Given records:
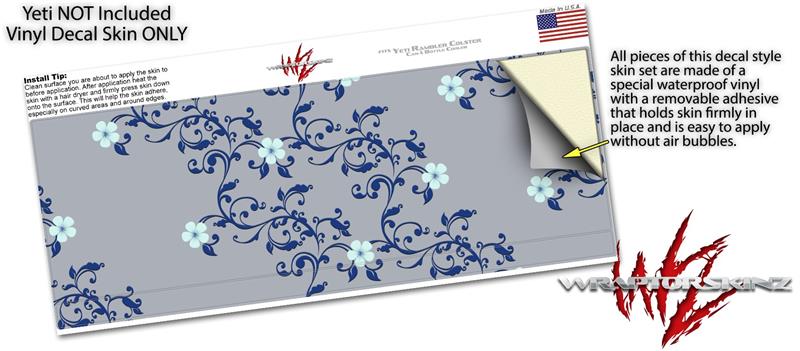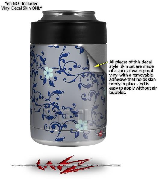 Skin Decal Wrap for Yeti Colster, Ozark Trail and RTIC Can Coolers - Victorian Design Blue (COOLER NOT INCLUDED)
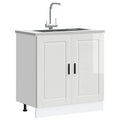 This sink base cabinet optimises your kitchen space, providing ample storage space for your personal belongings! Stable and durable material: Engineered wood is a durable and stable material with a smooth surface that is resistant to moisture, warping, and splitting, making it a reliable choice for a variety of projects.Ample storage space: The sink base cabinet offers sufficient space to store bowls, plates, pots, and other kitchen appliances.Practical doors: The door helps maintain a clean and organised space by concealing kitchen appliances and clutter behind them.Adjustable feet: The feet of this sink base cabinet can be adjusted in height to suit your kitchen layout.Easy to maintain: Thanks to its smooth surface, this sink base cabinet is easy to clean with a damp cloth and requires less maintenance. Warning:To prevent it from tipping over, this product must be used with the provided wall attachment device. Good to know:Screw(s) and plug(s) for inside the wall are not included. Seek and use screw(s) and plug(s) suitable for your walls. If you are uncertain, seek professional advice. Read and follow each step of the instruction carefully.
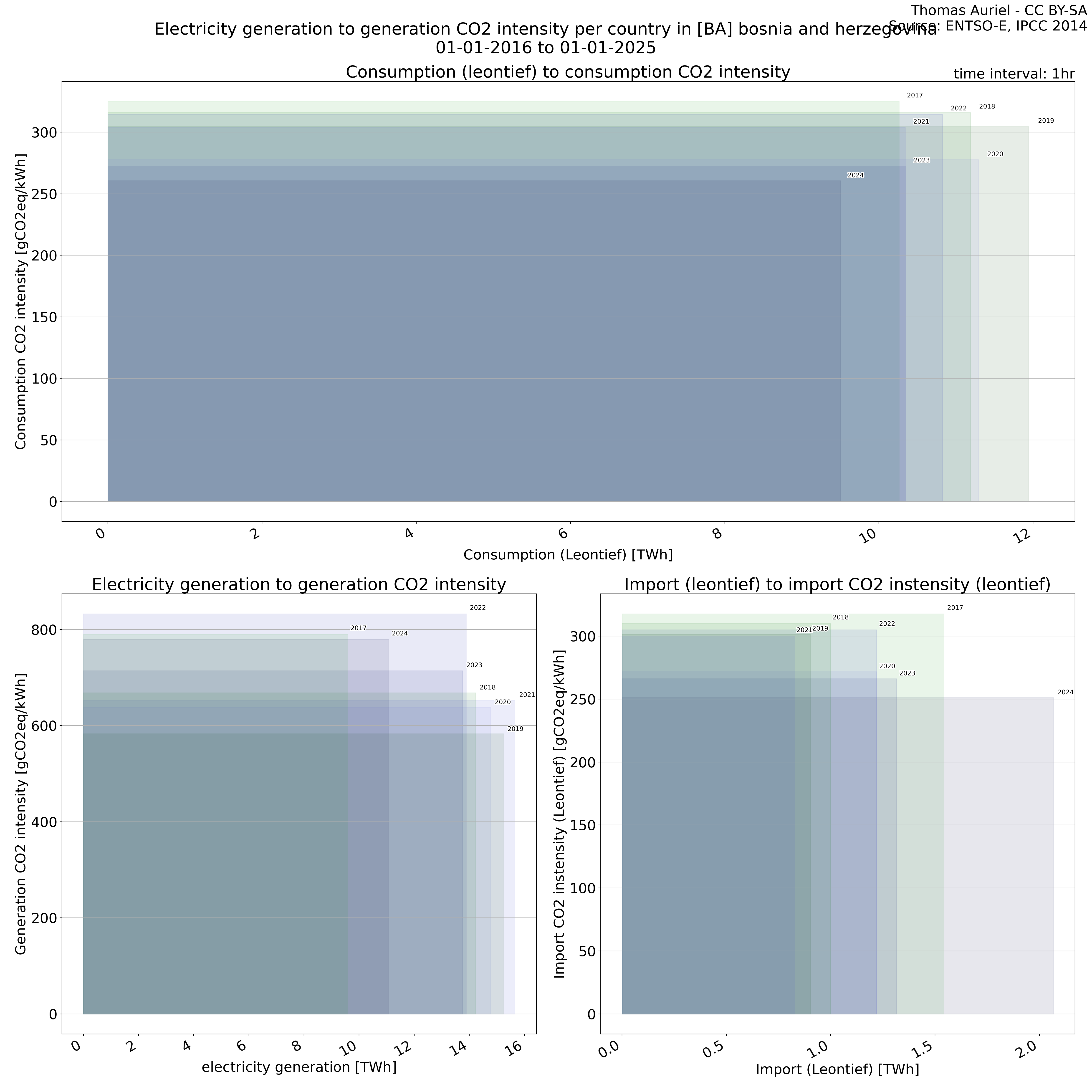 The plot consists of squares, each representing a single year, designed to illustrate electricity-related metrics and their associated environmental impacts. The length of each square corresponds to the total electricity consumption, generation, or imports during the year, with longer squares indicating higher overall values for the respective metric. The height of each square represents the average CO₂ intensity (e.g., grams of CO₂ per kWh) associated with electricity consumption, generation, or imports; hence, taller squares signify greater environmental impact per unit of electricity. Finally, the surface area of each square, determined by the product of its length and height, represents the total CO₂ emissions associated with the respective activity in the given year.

==

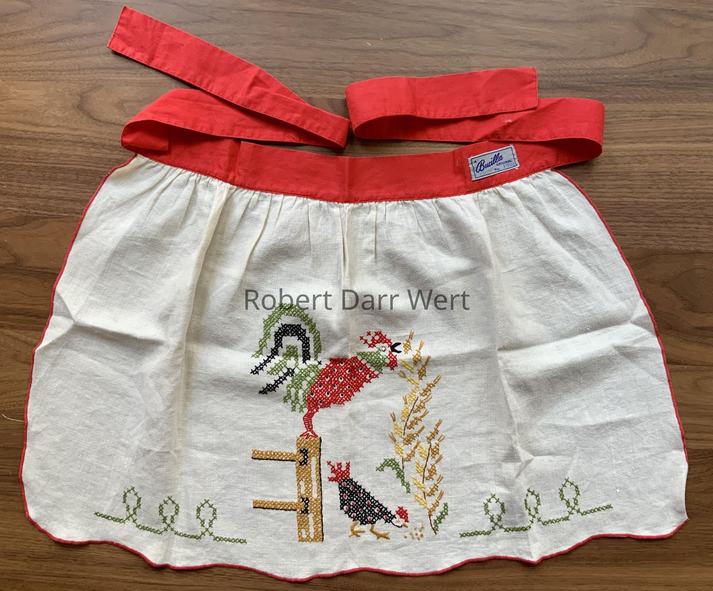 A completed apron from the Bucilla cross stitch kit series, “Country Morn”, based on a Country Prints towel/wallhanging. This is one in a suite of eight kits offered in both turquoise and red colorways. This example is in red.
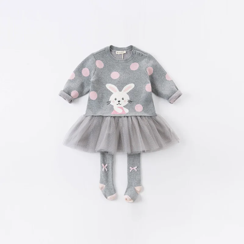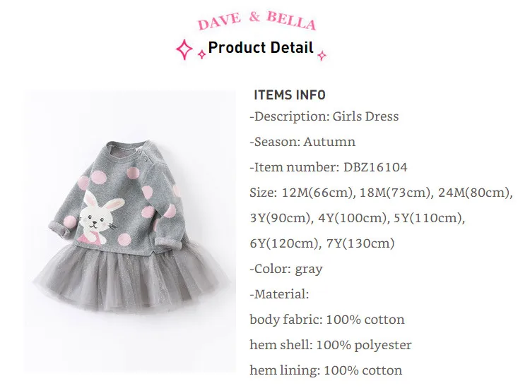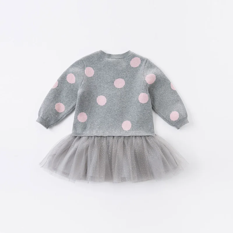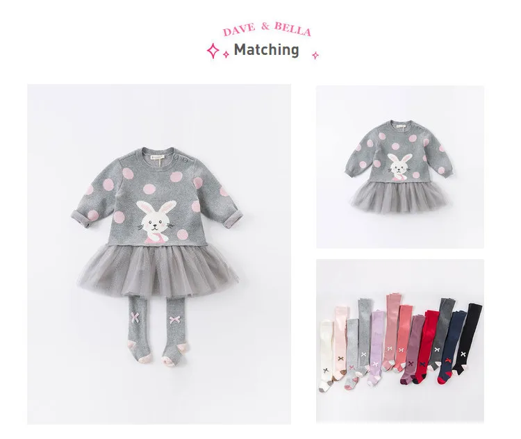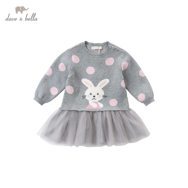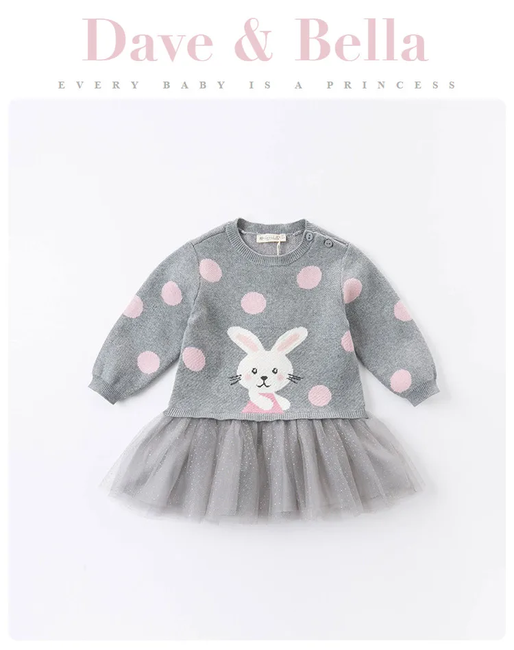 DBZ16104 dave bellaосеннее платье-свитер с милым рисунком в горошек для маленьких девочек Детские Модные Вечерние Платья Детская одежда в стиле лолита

--

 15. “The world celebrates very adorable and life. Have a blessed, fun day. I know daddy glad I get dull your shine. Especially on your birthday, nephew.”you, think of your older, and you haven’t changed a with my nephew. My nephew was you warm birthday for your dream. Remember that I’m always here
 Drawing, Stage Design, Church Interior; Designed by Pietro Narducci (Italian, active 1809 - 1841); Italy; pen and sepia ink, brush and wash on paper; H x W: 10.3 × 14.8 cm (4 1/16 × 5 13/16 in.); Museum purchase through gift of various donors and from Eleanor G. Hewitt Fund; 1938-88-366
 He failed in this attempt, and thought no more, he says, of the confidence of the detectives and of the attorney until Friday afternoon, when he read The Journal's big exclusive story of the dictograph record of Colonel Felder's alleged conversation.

What the task requires: Exactly the lines above from the one that contains "A completed apron" down to the one that contains "DBZ16104 dave bellaосеннее" are to be output, both ends kept and pictures omitted.

Your response:
 A completed apron from the Bucilla cross stitch kit series, “Country Morn”, based on a Country Prints towel/wallhanging. This is one in a suite of eight kits offered in both turquoise and red colorways. This example is in red.
 DBZ16104 dave bellaосеннее платье-свитер с милым рисунком в горошек для маленьких девочек Детские Модные Вечерние Платья Детская одежда в стиле лолита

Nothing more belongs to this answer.